90分のロシア語の個人レッスンがわずか6ドル。ロシア美人の女子大生ナターリアに習うこと約半年。誕生日に招待されて、祖母、母親、姉妹とロシア料理をご馳走になった。発音と文法は理解できたので、あとは実践あるのみ。タクシーに乗ったら覚えたての初級ロシア語を運転手相手に楽しむ。コーカサスでは英語は敵性語として長く禁止されていた。ロシア語で話しかけるとびっくりしてのってくる。「兄弟姉妹は何人いる?」「兄がふたり姉妹が3人でさあ」貧しいわりにアゼル人は子沢山。「かみさんは何人?」あるとき「4人」と真面目な顔で答えた運転手がいた。モスレムでは4人まで妻帯可能!「みなクラシーバ(美人)?」手のひらをおもてうら回転させながら「ノルマリナ(まあまあ)」「月にどのくらい稼ぐ?」「400ドルくらいかな。」驚くほど頑丈で驚くほど故障しやすいロシア製の車ボルガや時にはベンツが中古なら6000ドルで買える。平均月の給与70ドルのこの国ではいい稼ぎである。「前の大統領や今度大統領になった息子はどうだい?ハラショー(いい)?」答えの7割は親指を下に向けて「ネエ、ハラショー(良くないよ)」「どうしてだい?」答えはさまざま。「自分ばかり金を集めるだけで、みんな仕事がない」とか、「息子は昼11時ごろ出勤するなまけものだから」とか。息子がトルコで博打した数十億円の借金を国の財産で払ったとかいう話はあまり国民には知らされていない。そう言う報道をする新聞社の社長はすでに数回投獄された。それでも死ぬまで出版を続けると言う豪傑。その新聞を読んでいるだけで、国営企業を解雇される。前の「偉大な大統領」は、ソ連より独立のごたごたで、大統領が国外に逃げ、その後を継ぐようにして大統領になった。もとはこの国のKGBのトップ。業績のひとつは警官を至るところに配備して世界一と言って良い、犯罪のない安全な国をつくりあげたこと。同時に、政府に反対するデモ隊も気を失うまで警棒で鎮圧していると欧米は警告。頭脳明晰で策略家の隣国ロシアのプーチンに比べると国政は低迷している。
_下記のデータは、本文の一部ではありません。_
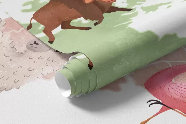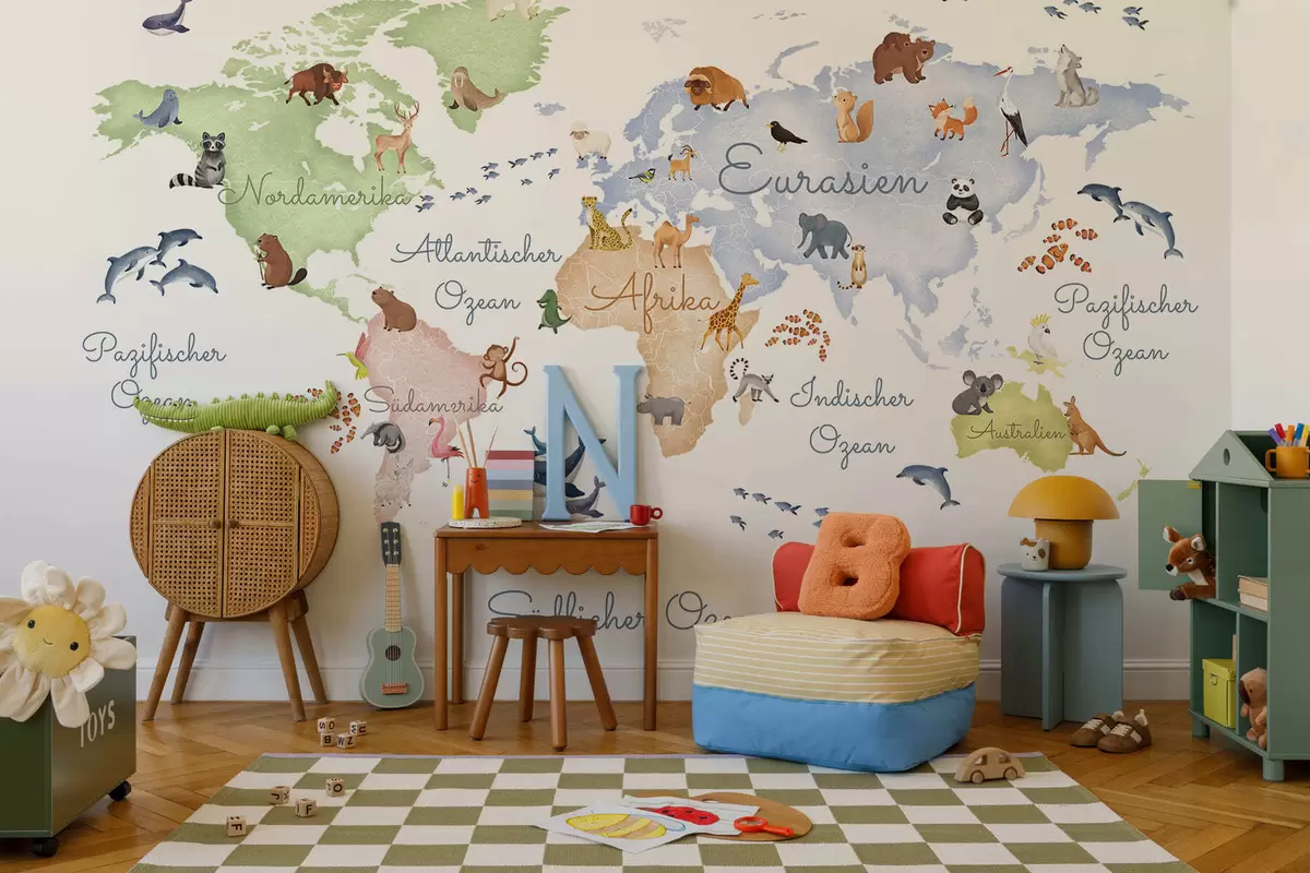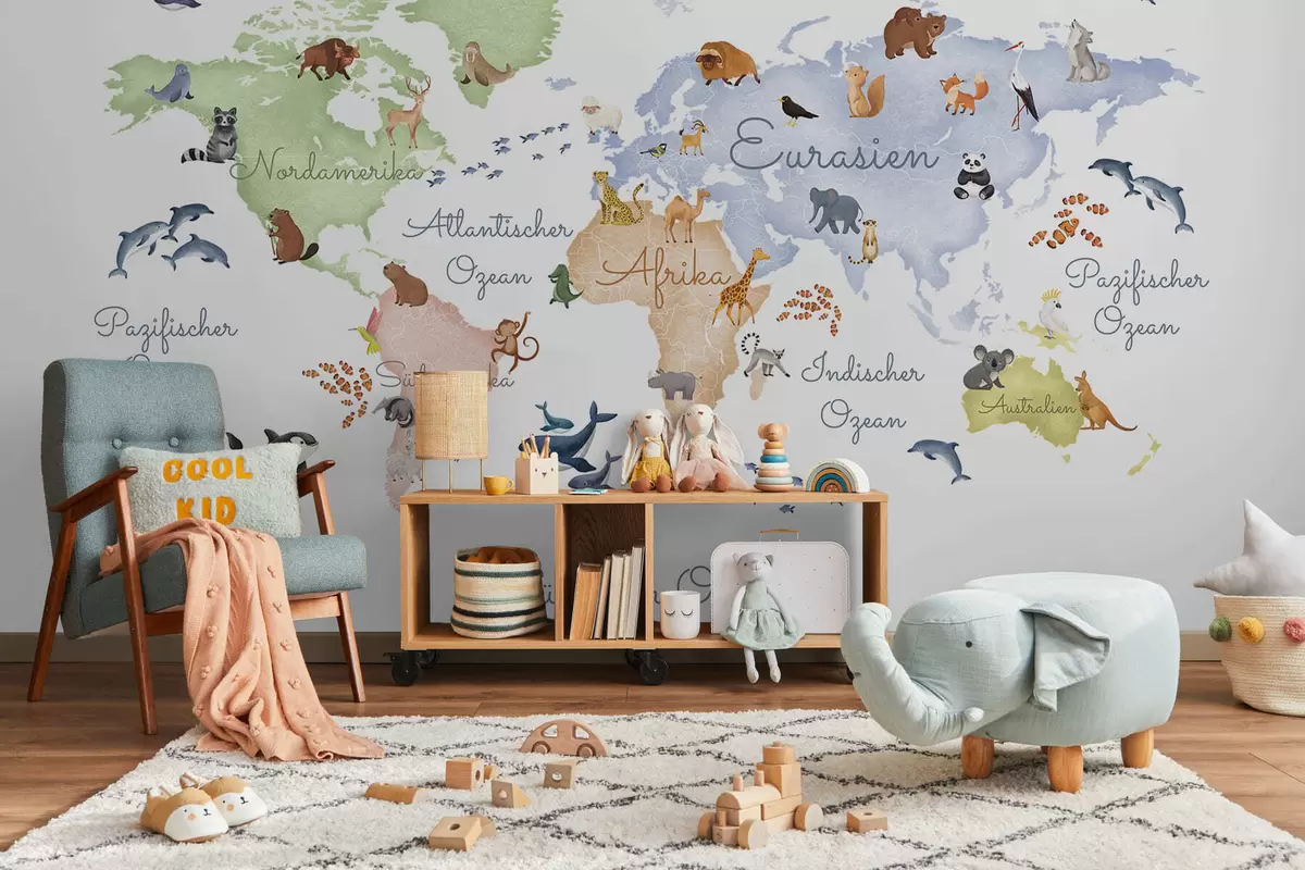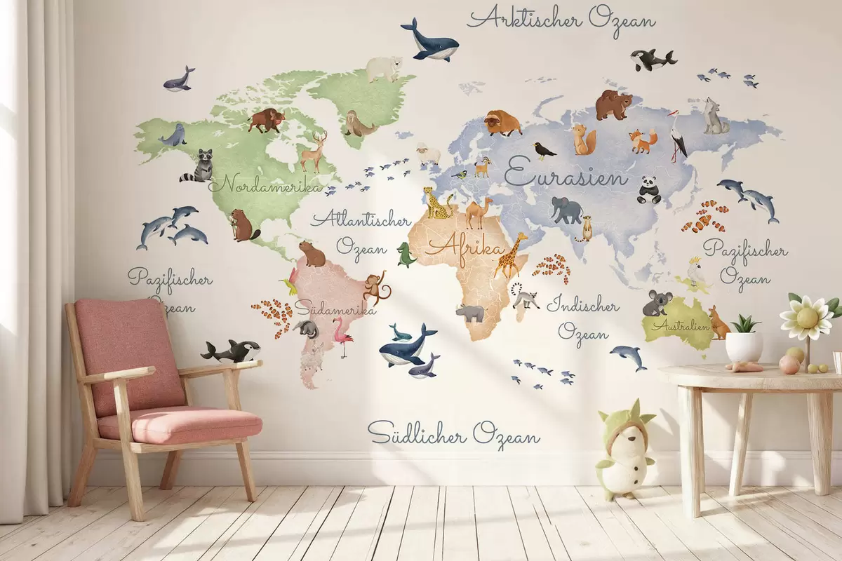Фотошпалери Карта у стилі акварелі з зображенням тварин. Написи німецькою мовою c00012de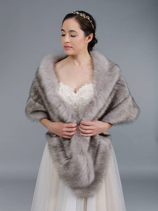 Light gray faux fur bridal wrap with darker tips, wedding fur shawl, silver fur wrap, bridal faux fur stole, fur cape B005-light-gray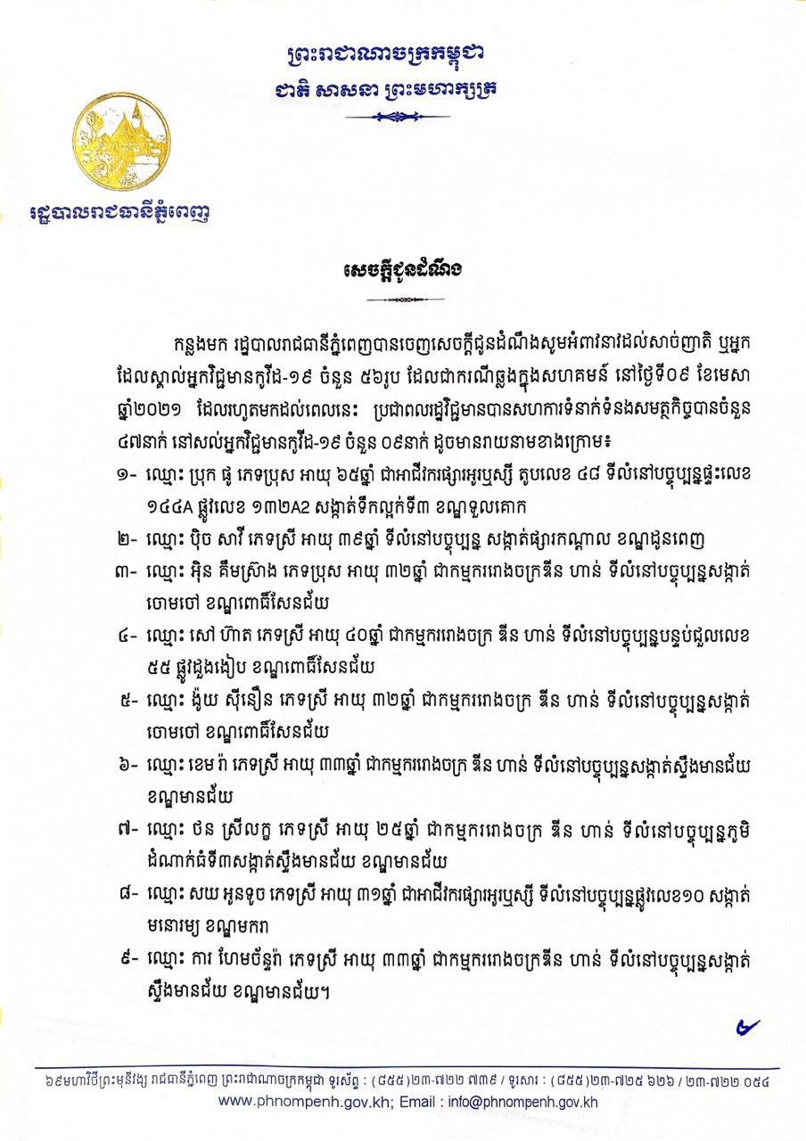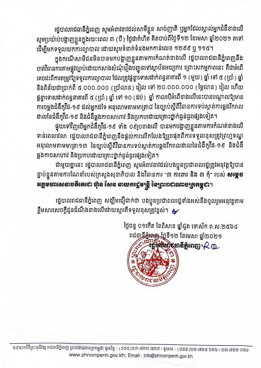 ក្នុងនោះដែររដ្ឋបាលរាជធានីភ្នំពេញបានដាក់កំហិតដល់អ្នកជំងឺទាំង៩នាក់នេះ ដោយត្រូវធ្វើការបង្ហាញខ្លួនជាបន្ទាន់ក្នុងរយៈពេល៣ថ្ងៃ ជាកំហិត គិតចាប់ពីថ្ងៃទី១២ ខែមេសា ឆ្នាំ២០២១ នេះតទៅ។ ក្នុងករណីសាមីជនមិនបានមកបង្ហាញខ្លួនតាមការកំណត់នោះទេ រដ្ឋបាលរាជធានីភ្នំពេញនឹងចាត់វិធានការតាមផ្លូវច្បាប់ដូចខាងក្រោម៕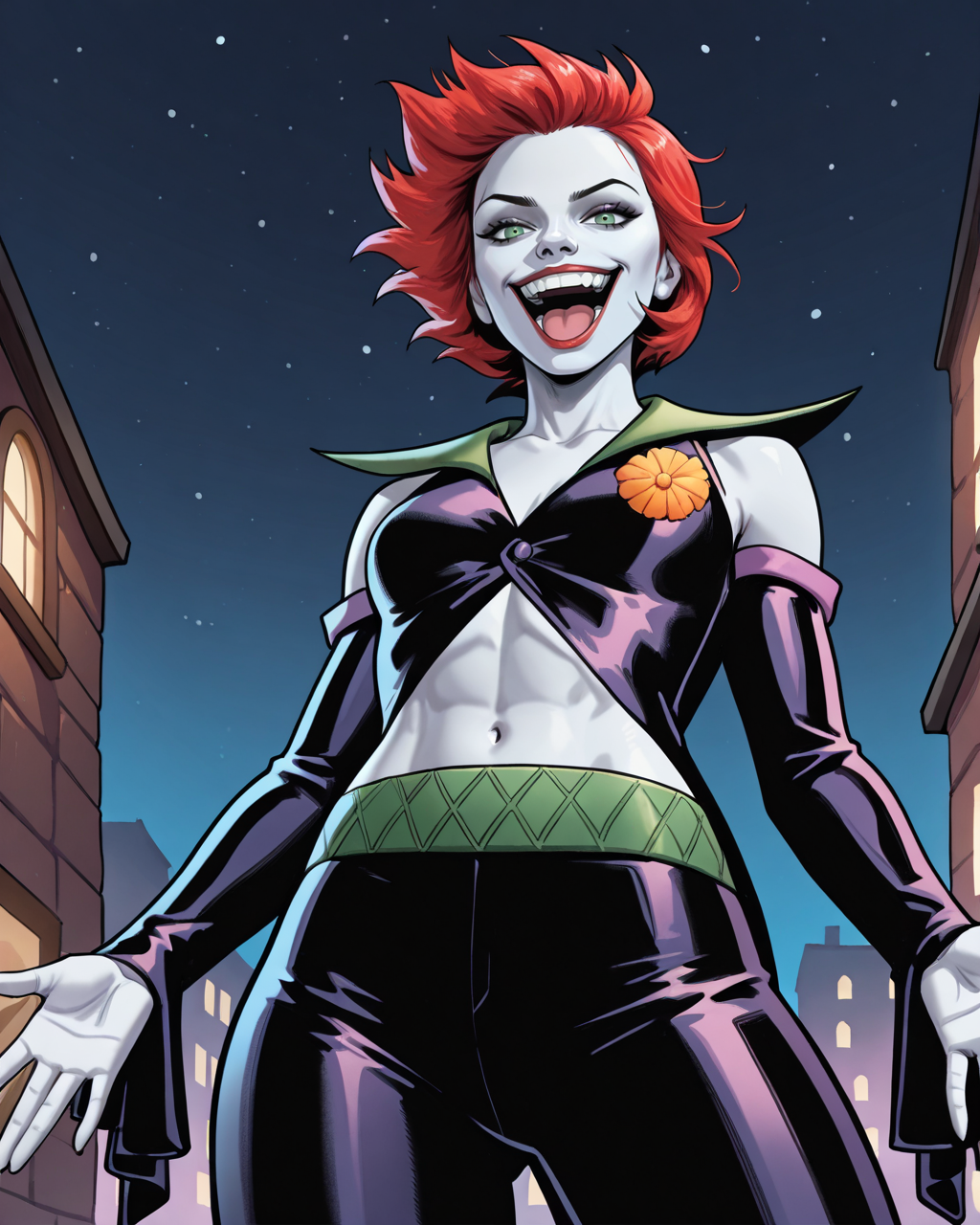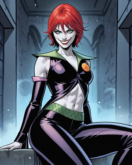 Triggers: 1girl, duela, albino skin, red hair, short hair, green eyes, jacket, detached sleeves, midriff, pants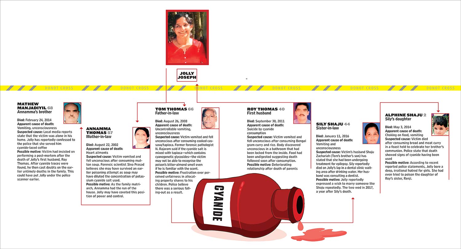 6 मौतों में से 2002 में जहर खाने से मरने वाली पहली महिला 57 वर्षीय महिला अनाम्मा थॉमस जो कि आरोपी की सास थी। 2008 में, अनाम्मा के पति यानी ससुर टॉम थॉमस का भी इसी तरह रहस्यमई परिस्थितियों में निधन हो गया। तीन साल बाद, आरोपी जॉली अम्मा जोसेफ के पति रॉय थॉमस की भी मृत्यु हो गई और 2014 में अन्नामामा के भाइयों ने भी कुछ इसी तरह अंतिम सांस ली। 2014 में ही एक ही परिवार के दो साल के बच्चे की मौत उसी संदिग्ध परिस्थितियों में हुई। इसके बाद 2016 में उस बच्चे की मां की मौत हुई। परिवार के अंदर 14 साल की अवधि में 6 मौतें देखने को मिलीं।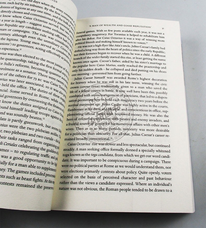 阿德里安·戈兹沃西凭借其掌握的丰富古代史料和娴熟的叙事技巧,以奥古斯都的军事和政治生涯为主,连贯地呈现了奥古斯都的一生。作者对奥古斯都的解读,既关注其戎马生涯,也注重他的从政经历;聚焦于奥古斯都本人,又将其置于宏观的社会背景之中,为读者呈现一个真实生动的,集军阀、独裁者、“祖国之父”形象于一身的奥古斯都。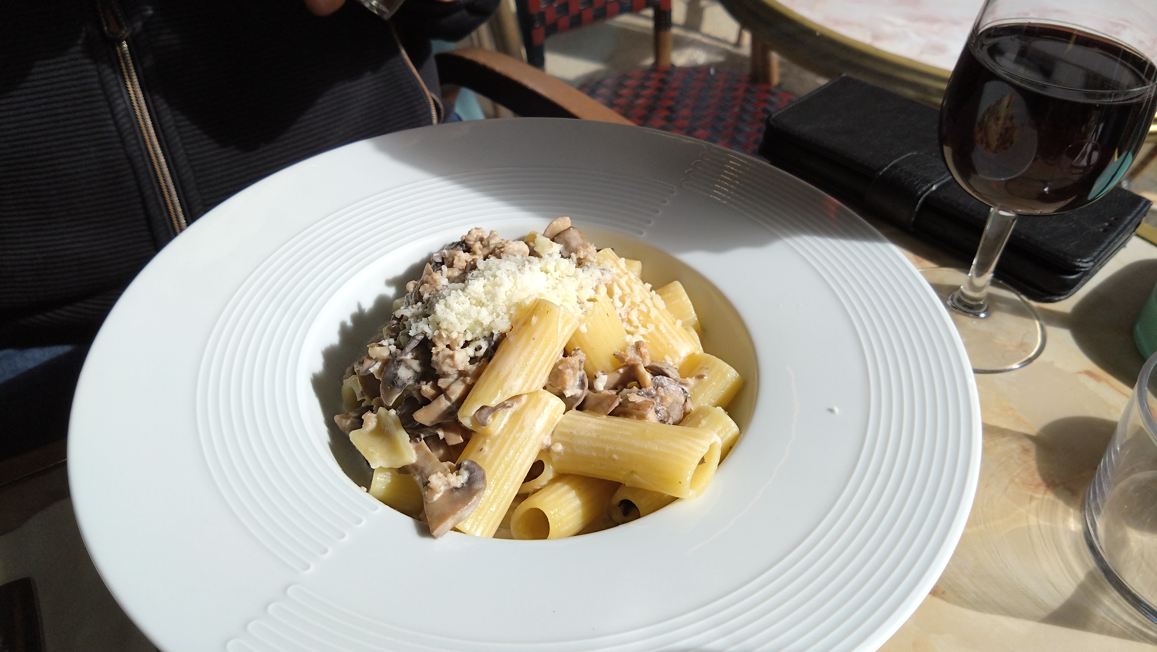 Plat de pâtes, rien a dire. Très bon. Le café gourmand, évitez le, il n'en a que le nom. La salade de fruits est très limite, le baba au rhum est grossier et n'a rien a faire dans un restaurant. La serveuse est très gentille mais de grâce arrêter de faire du forcing toutes les 5 minutes pour faire de la vente additionnelle. C'est fatiguant et contre productif.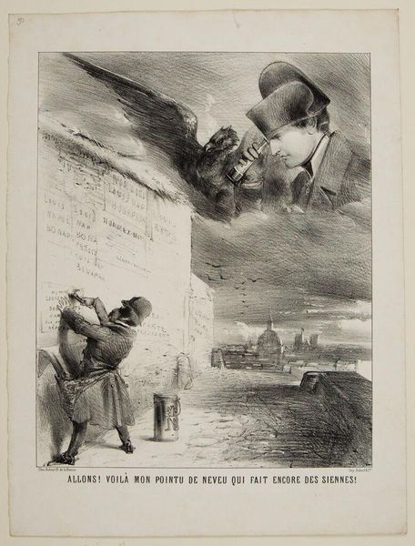 Editor: So, this is Honoré Daumier's "A New Way of Descending the River of Life." I don't see a date on it, and it looks like it's at the Harvard Art Museums. It’s definitely making me chuckle with all these capsizing boats and frantic figures. What's your take on it? Curator: Ah, Daumier. He's inviting us to laugh, but also to reflect. This lithograph is a biting commentary on Parisian society. See how the well-dressed are quite literally sinking? He's poking fun at their clumsy attempts to navigate, well, life. It's a watery metaphor, don't you think? Editor: I see that now! It's like he's saying they're all style and no substance, flailing about in the river. Curator: Precisely! And that little detail of the discarded hat? Such a small thing, but it adds a layer of social satire. It makes you wonder who will stay afloat and who will be swallowed by the current. It’s quite insightful!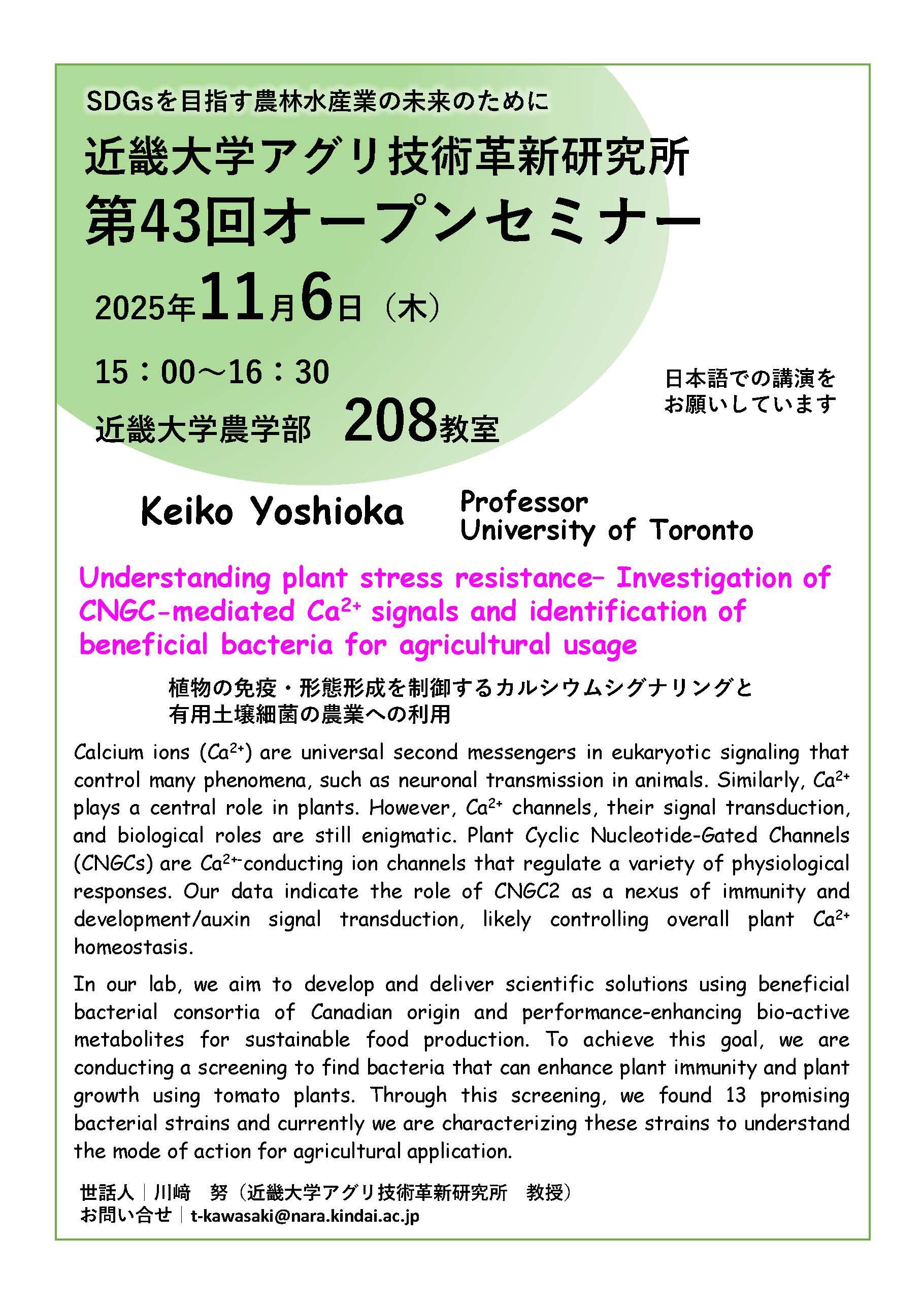 | 案内ポスター(PDF) | 近畿大学アグリ技術革新研究所第43回オープンセミナー | |

アルメニアに領土を占拠され数百万人が難民生活を送っているのに放置したまま。ソ連から独立して13年たつのに、多くの国営企業は閑古鳥がなき給与も未払い状態。しかし、選挙は公明正大?に行われ後継者の息子は得票率80%で当選。「不正選挙だ」と反対した数万人の勇気あるデモ隊は、一時、街の中心部を占拠した。しかし、暴徒化したデモ隊の一部始終を国営テレビが撮影した後は、武装した警官隊にことごとく蹴散らされ、主力野党は400人逮捕され壊滅した。テレビは、「無政府主義は民主主義ではない」と一斉キャンペーン。いま、その前大統領の死去で国民は1週間喪に服することを義務つけられた。車を運転していた友人もポリスに叱責された。「喪中だ。音楽を聴きながら運転するな。」彼は果敢に反論、「自分の叔父が死んだ時だって1日喪に服しただけだ。「なぜ他人が死んだのに、そうしなきゃあいけないだ。」本音を言って、あやうくひっぱられそうになった。5つあるテレビ局は、1週間、24時間!葬儀の中継のみ。「偉大なわれらが前大統領」を延々と讃えている。さて、本題。牛頭馬肉のようですみません。そんな人間世界の出来事をよそに、季節は空を渡り、自然は変わりなく美しい表情を変えていく。幻想風景第2弾 「秋のパレット」
2003/12/20
コメント(3)

バクーは別名、風の街。晩秋のバクーの街を、黄葉の公園を抜けて海へ下るとそこはカスピ海対岸には、サマルカンドやロシアの地が広がっている。シルクロードの西端、この異郷の街の旅情に不思議に似合う歌がある。ホテルで静かに本を読んだりする時、しばしば聴きいっている。” 遠く遠く 海へと下る 忍ぶ川のほとりを歩き 風の街にたどり着く時 空の色が悲しく見える振りかえる場所は 遥か遠くなる・・・・・青い月が旅路を照らし長い影に孤独を覚る人の夢は浮かんで落ちて されど赤い陽はまた登る鳴きながら鳥は何処へ帰るだろう?飛び慣れた夜も ひとりじゃつらい ・・・・・・ 桑田圭祐の歌の中で曲も味わいのある一番好きな歌 「月」風となり山に埋もれゆく月夜月仰ぐしぐさ淋しき霜夜かなところで、あと10日で日本に帰れる!帰ったら、白鳥がたくさん来ている湖に旅してみたい。白鳥の歌はなぜか女性がうまい。なんとなく恋する人の胸によりそいながら創ったような艶やかな句は白鳥の胸で押し割るうす氷 林民子白鳥に託して、かたくなな恋人の心をふっくらした胸で押し開きたかったのかもしれない。次は沖の俳人辻さんの句。こんな句にふさわしい美しい人です。白毛布明日白鳥になるつもり さて、私の句は・・・・寒くないのなら白鳥のように吹雪の中で眠ってみたい。白鳥の雪にまぎるる夜の底身も心も純化され、清く浄化されそうな気がする。白鳥の夢清めつつ吹雪きけり写真は、幻想風景 「晩秋の暮れゆく空」
2003/12/14
コメント(2)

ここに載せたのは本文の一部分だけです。